**Dataset extract**
━━━━━━━━━━━━━━━━━━━━━━━━━━━━━━

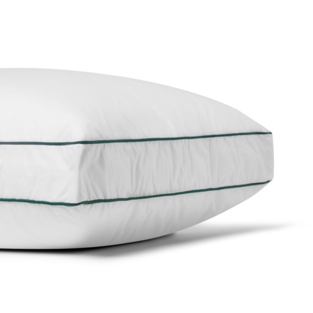 Наповнювач подушки — натуральний гусячий пух високої якості, який проходить багаторівневу очистку та стерилізацію. Завдяки цьому він залишається легким, повітропроникним і гіпоалергенним. Пух рівномірно розподілений у середній підушки, не збивається та зберігає форму протягом тривалого часу. Середня висота моделі робить її універсальною — вона підійде як для сну на боці, так і на спині.
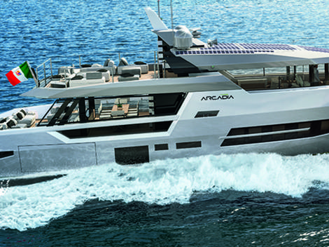 Les pavois situés le long de tout le cockpit sont munis d’ouvertures design permettant en outre aux invités, assis sur les divans ou à table (celle-ci pouvant accueillir de 8 à 10 convives dans la version optimale) de profiter pleinement du panorama. Le trait d’union entre l’extérieur et l’intérieur, qui met l’accent sur la relation avec la mer et l’environnement autour, est sans aucun doute représenté également par le skylounge (de 34 m2), où grâce aux baies vitrées toutes coulissantes de haut en bas, il suffit d’appuyer sur un bouton pour profiter directement de la brise marine.
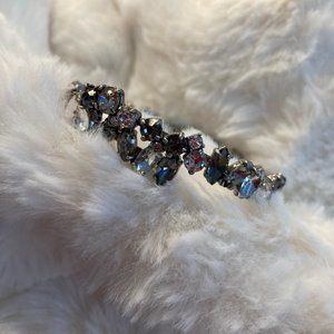 Off-set smoky and clear baguettes coil around your wrist to add sparkle and shine.
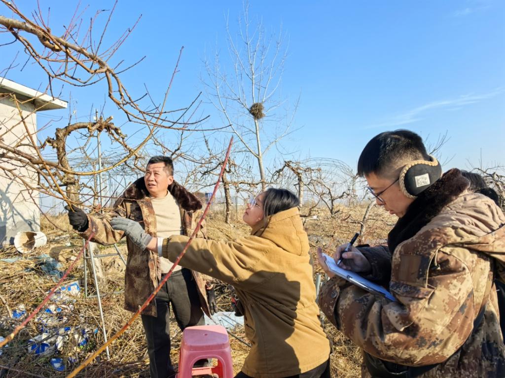 肖啸和李刚老师对员工桃树修剪效果进行打分

━━━━━━━━━━━━━━━━━━━━━━━━━━━━━━

**Exercise requirements**
Beginning with the line containing "Off-set smoky and" and ending with the last line of the data, output those lines exactly and nothing more. Omit every picture.

**Task output**
 Off-set smoky and clear baguettes coil around your wrist to add sparkle and shine.
 肖啸和李刚老师对员工桃树修剪效果进行打分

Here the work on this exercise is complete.